The whole thing is extremely clever, and also makes the method more generalizable. Previous deep-learning methods had to be trained separately for every type of fluid, whereas this one only needs to be trained once to handle all of them, as confirmed by the researchers’ experiments. Though they haven’t yet tried extending this to other examples, it should also be able to handle every earth composition when solving PDEs related to seismic activity, or every material type when solving PDEs related to thermal conductivity.
Anandkumar and the lead author of the paper, Zongyi Li, a PhD student in her lab, didn’t do this research just for the theoretical fun of it. They want to bring AI to more scientific disciplines. It was through talking to various collaborators in climate science, seismology, and materials science that Anandkumar first decided to tackle the PDE challenge with her students. They’re now working to put their method into practice with other researchers at Caltech and the Lawrence Berkeley National Laboratory.

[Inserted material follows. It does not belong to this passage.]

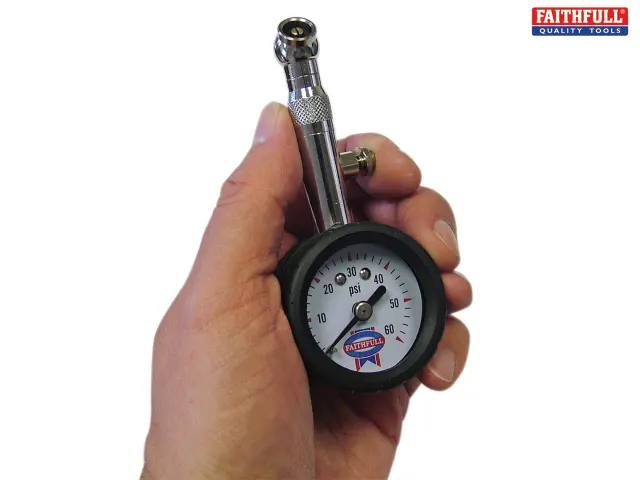 The Faithfull Tyre Pressure Dial Gauge is an easy-to-use, manual tyre pressure gauge for use with Schrader valves as fitted to all automotive tyres, it provides an instant reading of tyre pressure up to a maximum of 60 psi. The gauge features a 45° angled chuck for easy connection to the tyre, and will retain the current reading when removed from the valve.
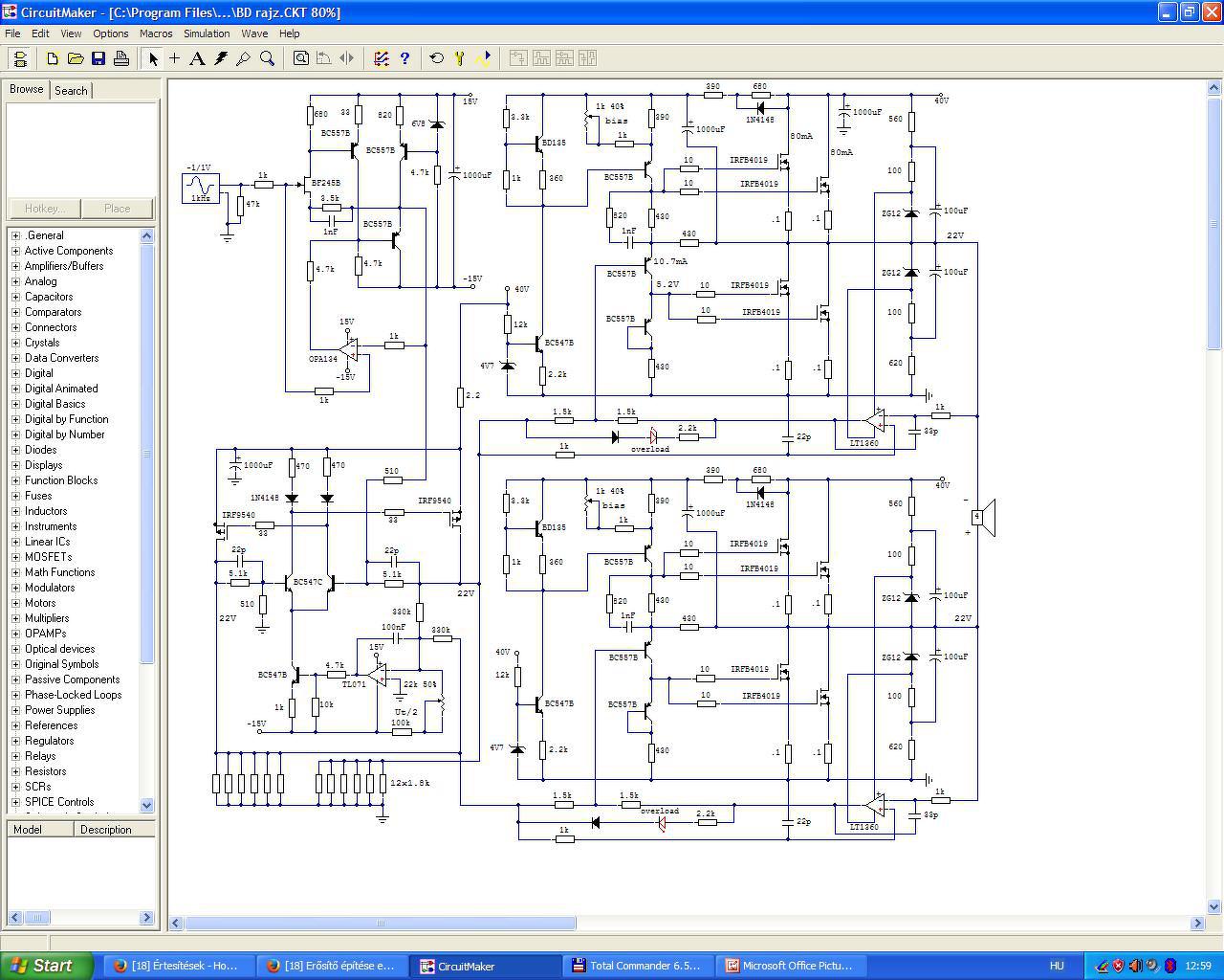 És ami miatt ezt felemlegettem... mi a fene lehet ezekben az erősítőkben? Milyen lehet a kapcsolástechnikájuk? Milyen alkatrészekből építkeznek? Ezek nincsenek fent a neten és a gyártójukon kívül senki nem ismeri őket. Az biztos, hogy mocsok jól szólnak. Az is biztos, hogy ha ezekre gondolok nagyon kis pontnak érzem magam mellettük. És az is majdnem biztos, hogy amely kapcsolásokat mi a neten találunk, azoknak nincs köze ezekhez az erősítőkhöz. Persze ki tudja? Meg ott van még a d'Agostino, aki a Krell fejlesztője volt és alapított önálló céget. Na, abba is érdemes belenézni. Dugig van alkatrésszel. De az is lehet, hogy csak ezek csak védelmek és egyéb kiegészítő áramkörök, mert mégse lehet húsz milláért nyolc tranzisztort eladni. Szóval, nekünk marad a "diyerkedés" és a kísérletezés. Azt az alapelvet azonban szem előtt kell tartani amit "katt-tól" tanultam. Ami belemegy, az jöjjön ki. Tehát az ideális végfok nulla torzítású, végtelen sávszélességű, nulla kimeneti ellenállású. Ezt a célt kell megközelíteni annyira, amennyire csak lehetséges. Emellett még előre meg kell határozni a szükséges kimeneti teljesítményt. Ezt most önkényesen eldöntöm ehhez a konkrét végfokhoz. 100 W/4 Ohm. Ez úgy jön ki, hogy a hangdobozom 4 Ohm-os, a félhullámú 120 W-os és ha bömböltetni akarom, akkor elég itthonra ez a 100 W. Amúgy háttérzeneként 0.5 W-tal szoktam hallgatni, ha meg leülök zenét hallgatni, vagy tesztelni, akkor 6-8 dB-el hangosabban, tehát úgy 2-5 W körül.

One research topic Anandkumar is particularly excited about: climate change. Navier-Stokes isn’t just good at modeling air turbulence; it’s also used to model weather patterns. “Having good, fine-grained weather predictions on a global scale is such a challenging problem,” she says, “and even on the biggest supercomputers, we can’t do it at a global scale today. So if we can use these methods to speed up the entire pipeline, that would be tremendously impactful.”
There are also many, many more applications, she adds. “In that sense, the sky’s the limit, since we have a general way to speed up all these applications.”